**RECORDS FOR PROCESSING:**
* * *

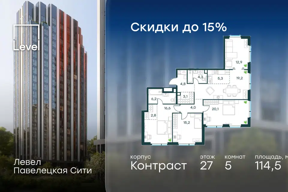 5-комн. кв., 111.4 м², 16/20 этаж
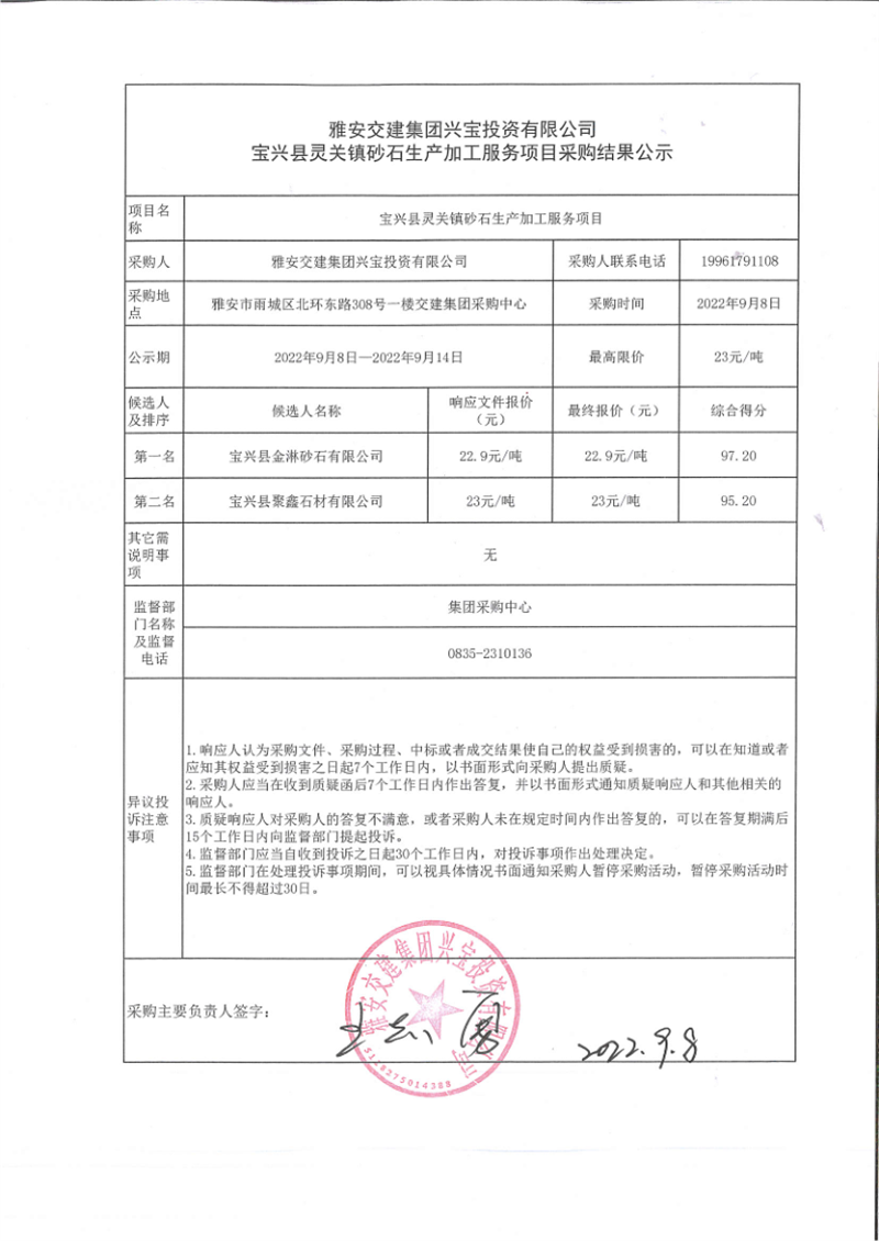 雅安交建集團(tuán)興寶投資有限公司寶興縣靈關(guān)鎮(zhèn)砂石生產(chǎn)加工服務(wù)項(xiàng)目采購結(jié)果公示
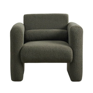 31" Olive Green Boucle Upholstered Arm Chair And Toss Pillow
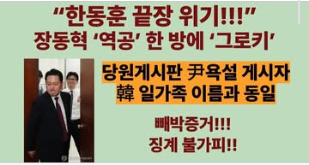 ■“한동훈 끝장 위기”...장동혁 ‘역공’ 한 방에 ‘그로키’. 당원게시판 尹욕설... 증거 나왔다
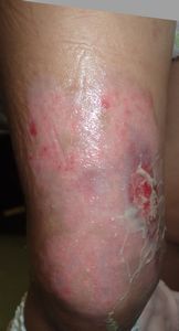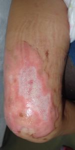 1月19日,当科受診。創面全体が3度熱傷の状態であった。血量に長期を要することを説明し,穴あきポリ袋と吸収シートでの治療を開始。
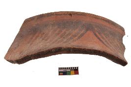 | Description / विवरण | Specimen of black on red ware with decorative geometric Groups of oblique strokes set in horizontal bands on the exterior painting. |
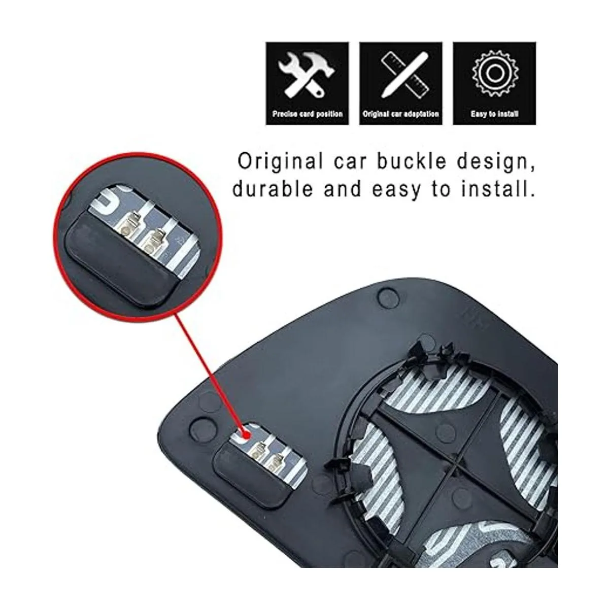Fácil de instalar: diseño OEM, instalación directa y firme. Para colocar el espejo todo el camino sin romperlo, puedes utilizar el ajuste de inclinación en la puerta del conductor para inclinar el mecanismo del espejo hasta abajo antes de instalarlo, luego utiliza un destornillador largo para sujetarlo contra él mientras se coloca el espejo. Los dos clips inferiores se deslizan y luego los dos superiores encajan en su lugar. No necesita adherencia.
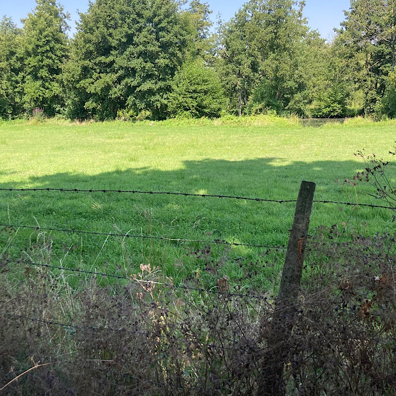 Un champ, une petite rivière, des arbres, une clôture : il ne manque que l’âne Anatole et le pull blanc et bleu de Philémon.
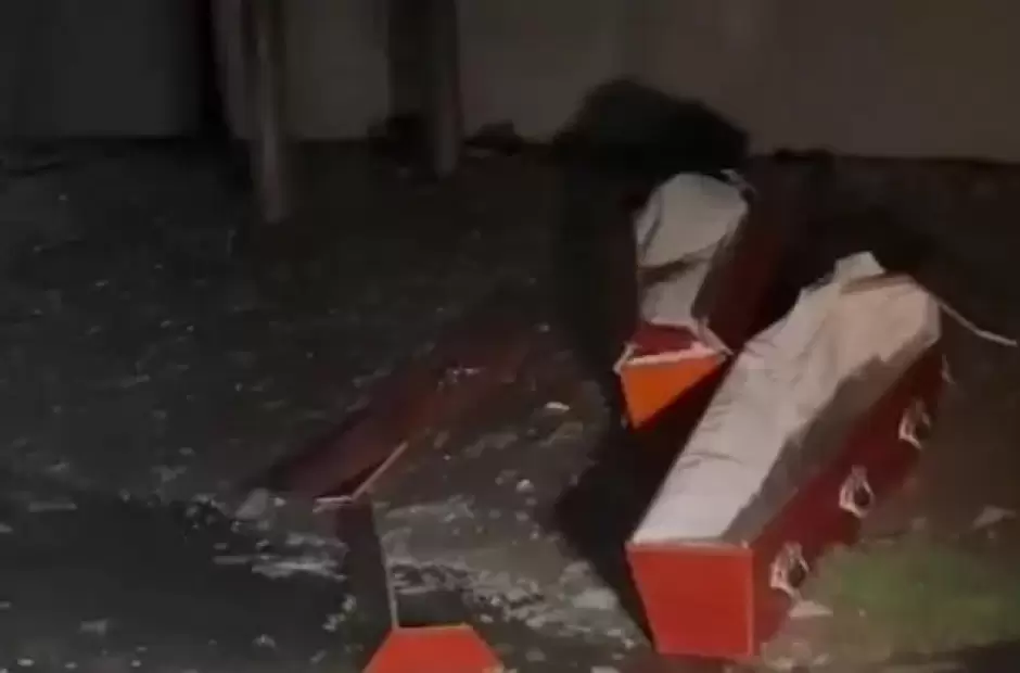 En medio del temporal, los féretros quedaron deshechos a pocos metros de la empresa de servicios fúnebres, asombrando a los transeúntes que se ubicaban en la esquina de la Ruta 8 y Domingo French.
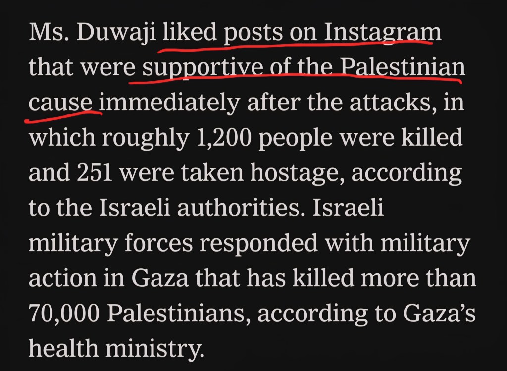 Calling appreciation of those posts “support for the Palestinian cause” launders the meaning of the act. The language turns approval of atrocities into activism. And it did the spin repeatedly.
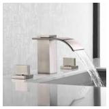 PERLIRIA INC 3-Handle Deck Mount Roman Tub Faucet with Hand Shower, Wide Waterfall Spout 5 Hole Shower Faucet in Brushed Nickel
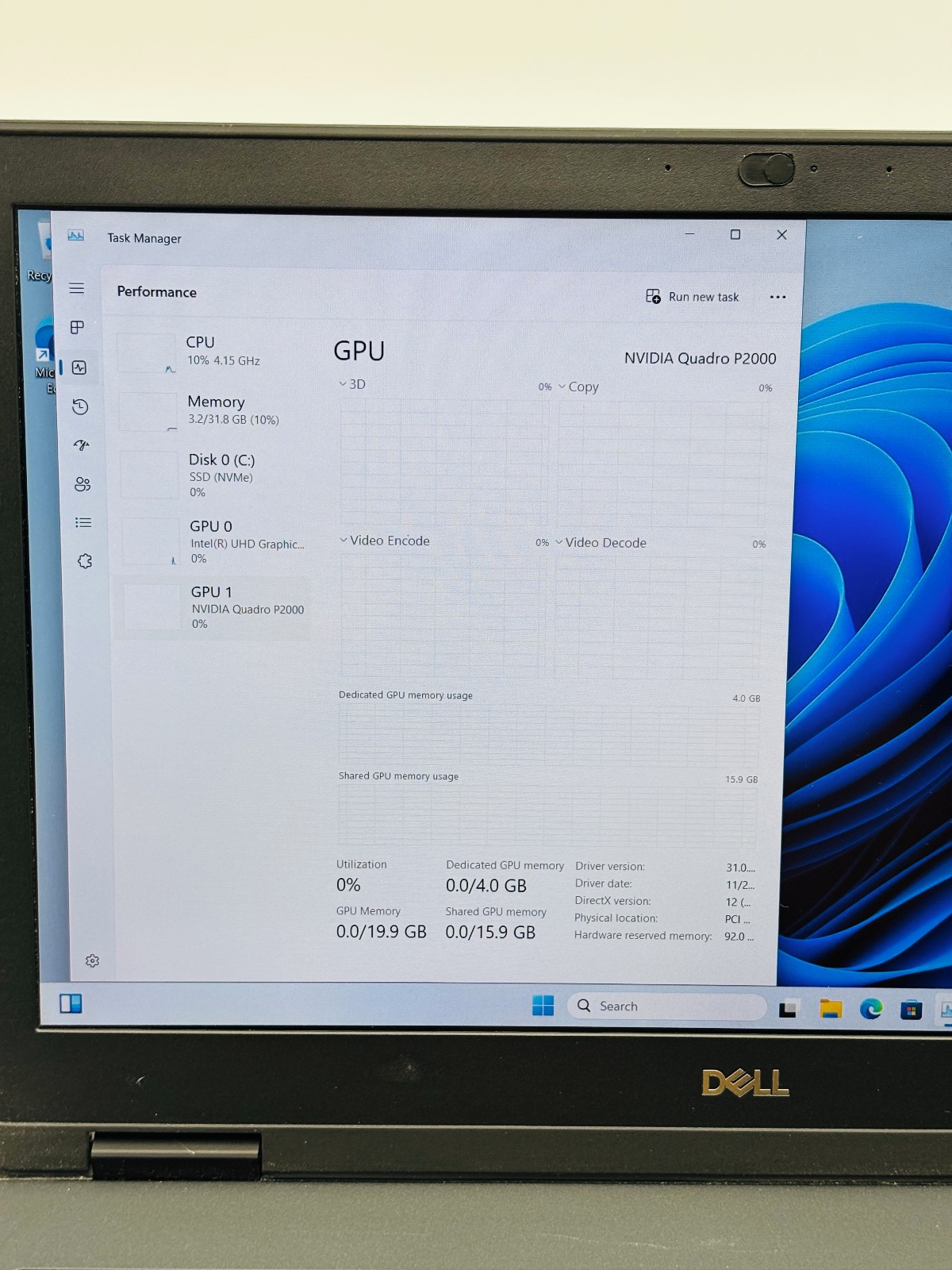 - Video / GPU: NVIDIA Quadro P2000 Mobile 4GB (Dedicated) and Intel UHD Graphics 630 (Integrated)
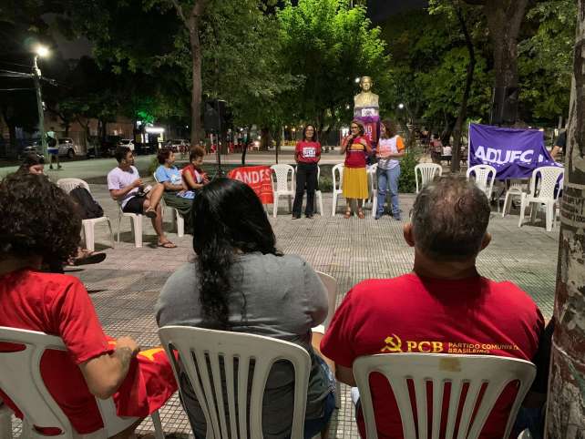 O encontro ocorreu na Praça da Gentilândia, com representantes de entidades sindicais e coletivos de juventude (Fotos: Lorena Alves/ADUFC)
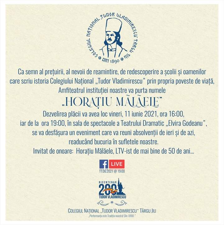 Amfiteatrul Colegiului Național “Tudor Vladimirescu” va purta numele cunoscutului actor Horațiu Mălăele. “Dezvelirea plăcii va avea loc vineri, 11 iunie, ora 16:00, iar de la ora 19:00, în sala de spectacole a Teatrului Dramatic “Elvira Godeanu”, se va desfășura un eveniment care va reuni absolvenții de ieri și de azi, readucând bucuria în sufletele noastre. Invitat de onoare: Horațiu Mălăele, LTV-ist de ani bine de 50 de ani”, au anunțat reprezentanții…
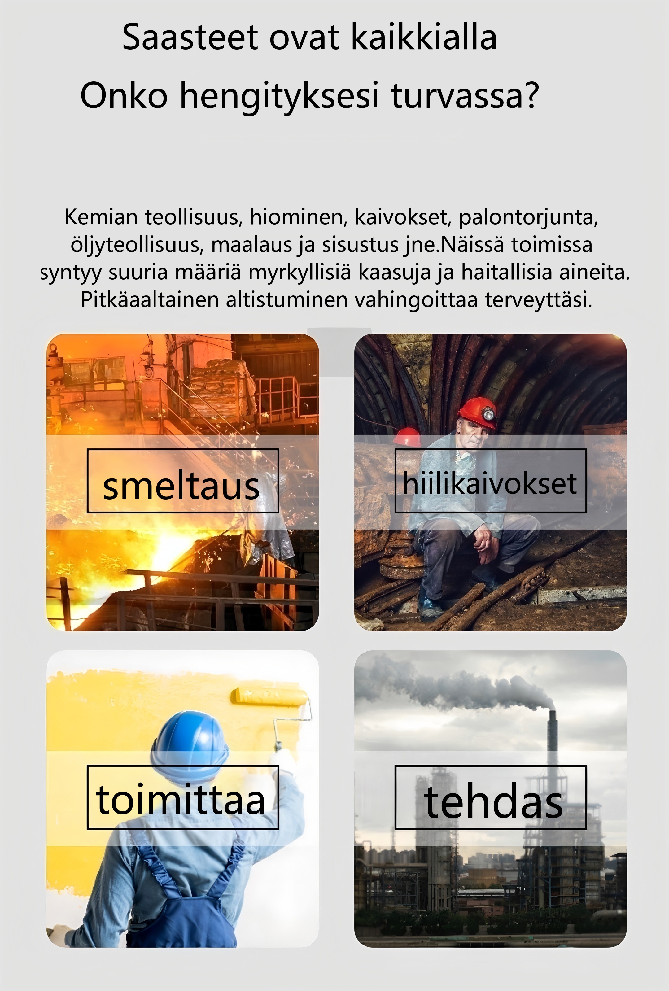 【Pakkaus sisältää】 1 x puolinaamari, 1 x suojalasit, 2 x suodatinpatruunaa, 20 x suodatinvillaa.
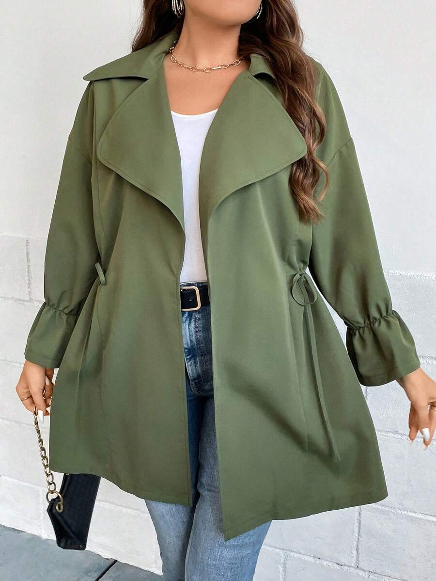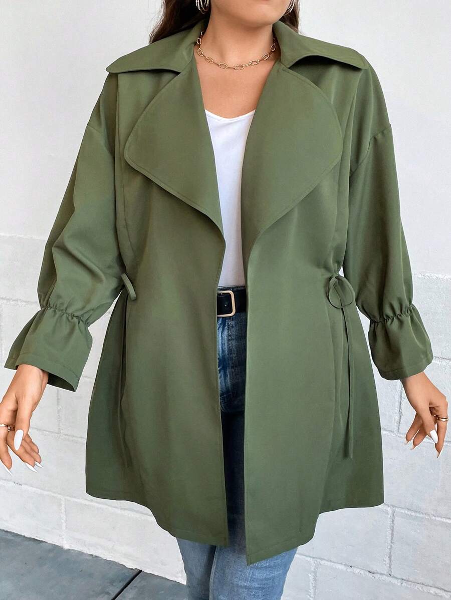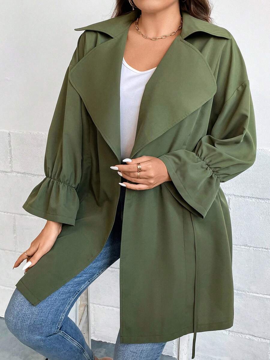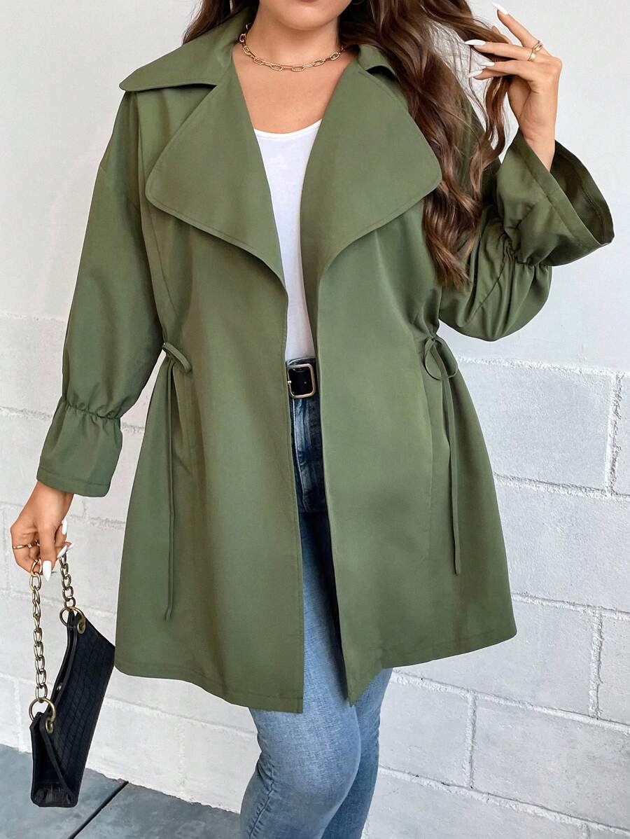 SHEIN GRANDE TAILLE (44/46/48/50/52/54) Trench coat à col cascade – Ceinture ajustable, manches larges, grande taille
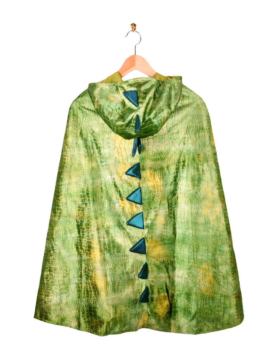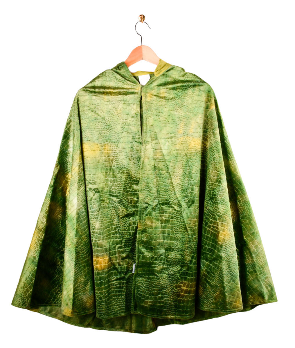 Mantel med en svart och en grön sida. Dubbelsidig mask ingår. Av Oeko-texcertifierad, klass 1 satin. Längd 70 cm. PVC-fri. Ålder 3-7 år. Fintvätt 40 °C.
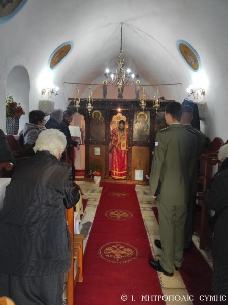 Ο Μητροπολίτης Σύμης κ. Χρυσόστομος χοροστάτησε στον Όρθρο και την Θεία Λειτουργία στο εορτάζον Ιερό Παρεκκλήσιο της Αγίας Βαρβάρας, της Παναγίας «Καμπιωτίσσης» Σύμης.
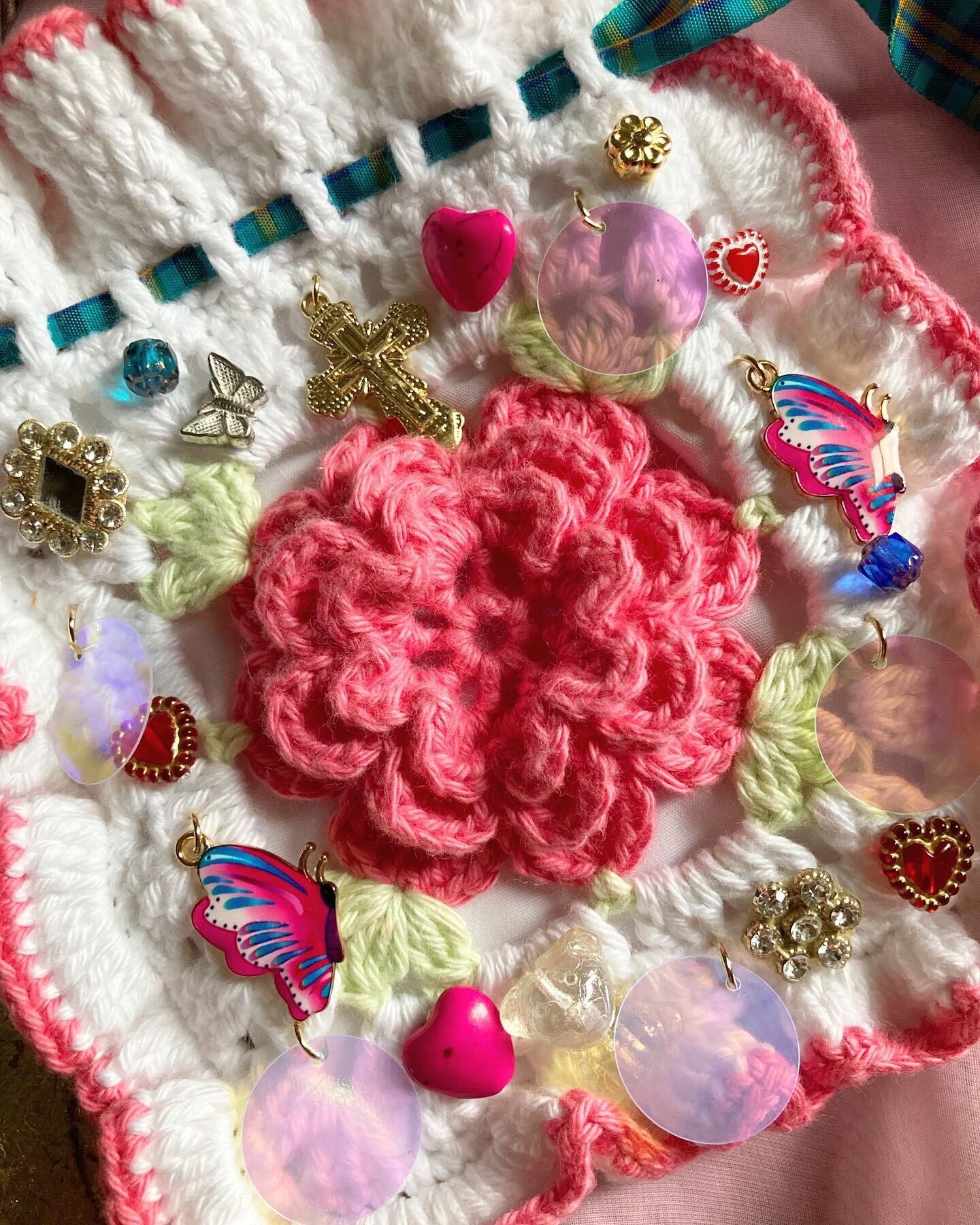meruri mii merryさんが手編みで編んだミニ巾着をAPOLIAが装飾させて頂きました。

* * *

**WHAT IS NEEDED:**
Transcribe exactly the line containing "O encontro ocorreu" and every line after it through the end of the listing above; pictures are not part of the copy.

**WRITTEN RESPONSE:**
 O encontro ocorreu na Praça da Gentilândia, com representantes de entidades sindicais e coletivos de juventude (Fotos: Lorena Alves/ADUFC)
 Amfiteatrul Colegiului Național “Tudor Vladimirescu” va purta numele cunoscutului actor Horațiu Mălăele. “Dezvelirea plăcii va avea loc vineri, 11 iunie, ora 16:00, iar de la ora 19:00, în sala de spectacole a Teatrului Dramatic “Elvira Godeanu”, se va desfășura un eveniment care va reuni absolvenții de ieri și de azi, readucând bucuria în sufletele noastre. Invitat de onoare: Horațiu Mălăele, LTV-ist de ani bine de 50 de ani”, au anunțat reprezentanții…
 【Pakkaus sisältää】 1 x puolinaamari, 1 x suojalasit, 2 x suodatinpatruunaa, 20 x suodatinvillaa.
 SHEIN GRANDE TAILLE (44/46/48/50/52/54) Trench coat à col cascade – Ceinture ajustable, manches larges, grande taille
 Mantel med en svart och en grön sida. Dubbelsidig mask ingår. Av Oeko-texcertifierad, klass 1 satin. Längd 70 cm. PVC-fri. Ålder 3-7 år. Fintvätt 40 °C.
 Ο Μητροπολίτης Σύμης κ. Χρυσόστομος χοροστάτησε στον Όρθρο και την Θεία Λειτουργία στο εορτάζον Ιερό Παρεκκλήσιο της Αγίας Βαρβάρας, της Παναγίας «Καμπιωτίσσης» Σύμης.
meruri mii merryさんが手編みで編んだミニ巾着をAPOLIAが装飾させて頂きました。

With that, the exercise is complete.